The rock pratincole (Glareola nuchalis) is a species of bird in the family Glareolidae.

==Distribution and habitat==
There are two subspecies of rock pratincole:

- G. n. liberiae (Schlegel, 1881), – rufous-collared pratincole – from Sierra Leone to western Cameroon
- G. n. nuchalis (Gray, 1849), – white-collared pratincole – Chad to Ethiopia, south to southern Angola & northeast Namibia to western Zambia & Mozambique

==Identification==
The rock pratincole (Glareola nuchalis) is a native African wading bird. Mature adults have dark gray or brown plumage with a white line beginning beneath the eye extending to the back of the neck like a collar. Their wings are long and dark with a distinct white patch on the underwing. Their tail is forked and they usually have a white belly. The bill is black with a red base and the legs and eyes are coral red. Both sexes emit a faint whistling contact call and musical purring but can become very noisy when aggressive. Glareola nuchalis measurements: length: 16.5–19.5 cm; wing: 14.3–16.0 cm; bill: 10-12 mm; tail: 5–6 cm; mass: 43–52 grams.

==Habitat==
Glareola nuchalis associates with the rocks along the embankments of rivers and lakes as its seasonal movements are determined by local water levels. These intra-African migrants occur peripherally along the coast of South Africa in the equatorial regions. They migrate when areas are flooded and arrive when rocks emanate during drought.

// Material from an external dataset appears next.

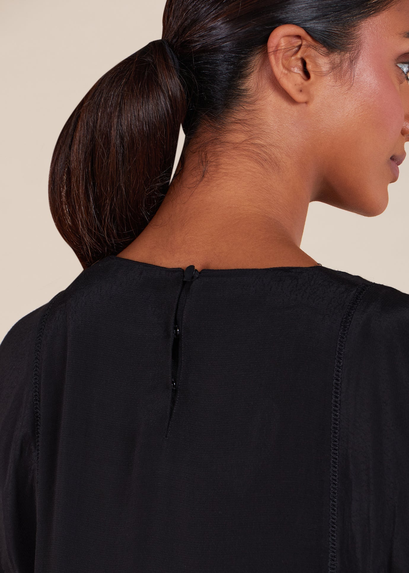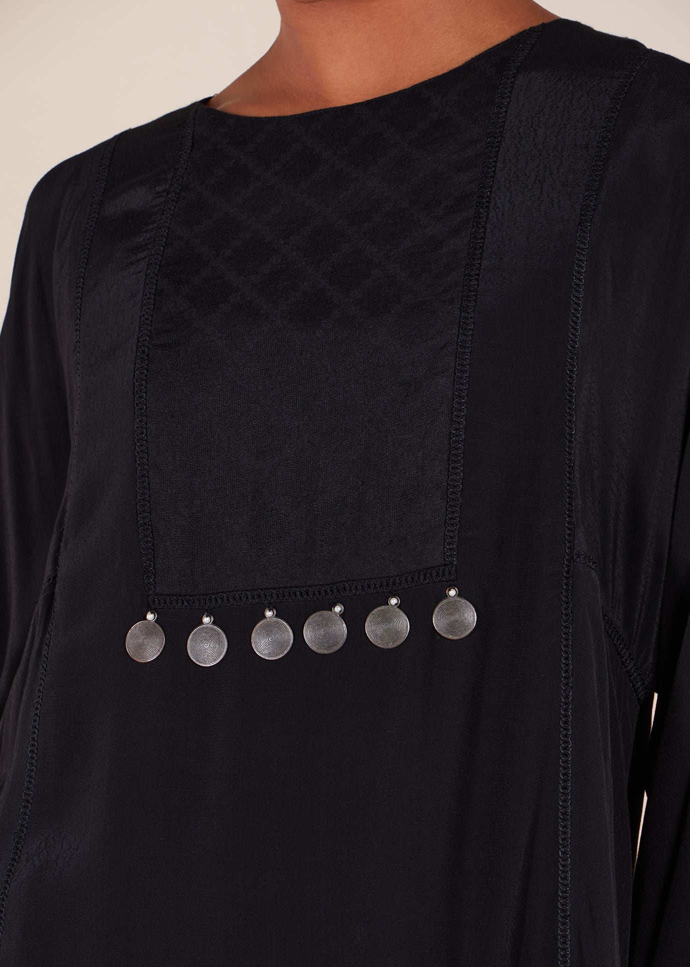 This elegant black Abaya has a woven patterned fabric on the bodice embellished with tribal coins. The wide cuffs also feature the geometric weave, enhanced by delicate ladder lace detailing. Ladder lace accents run along the bodice, sleeves, and full length of the Abaya, emphasising the seams. A subtle button closure at the back ensures a seamless fit. Ideal for evening events and formal gatherings.
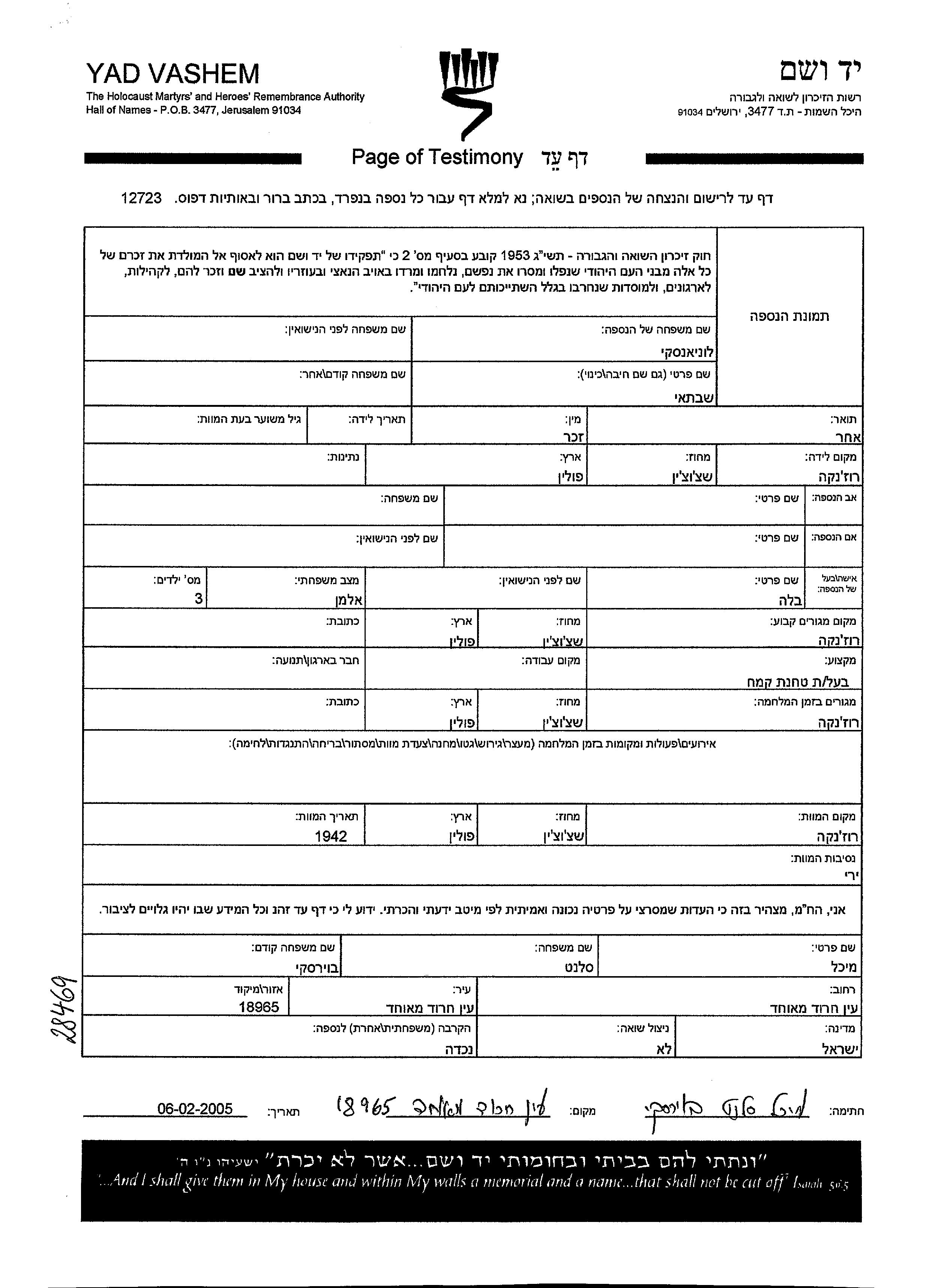 Shabtai Lunianski was born in Rozhanka, Poland. He was a widower of Bela. Prior to WWII he lived in Rozhanka, Poland. During the war he was in Rozhanka, Poland. Shabtai was murdered in the Shoah. Place of death: Rozhanka, Poland, 1942.

They live in flocks of about 26 pairs in and on the rocks feeding upon insects in the morning and evening and wading in the cool waters during the heat of the day. They will feed during day if overcast is present and can be routinely seen perched on a hippopotamus scavenging for insects. Its diet consists mostly of flies, moths, ants, beetles, grasshoppers and cicadas. Their prey is attacked aerially.

==Breeding==
An elaborate courtship occurs in flight with wings held high over the back with neck feathers flared to emphasize their collar. They are monogamous and keep the same mate for life. Breeding pairs withdraw from the flock and become territorial of their nest and only breed in times of drought. The female lays 1–2 eggs in the depression of a smooth rock in sites surrounded by water. Both sexes incubate the nest and frequently return to the nest with wet feathers to keep their eggs cool. Chicks are born camouflaged with brown feathers and white spots and have no white collar until it matures. They quickly take refuge in the crevices of rocks and begin swimming well quickly.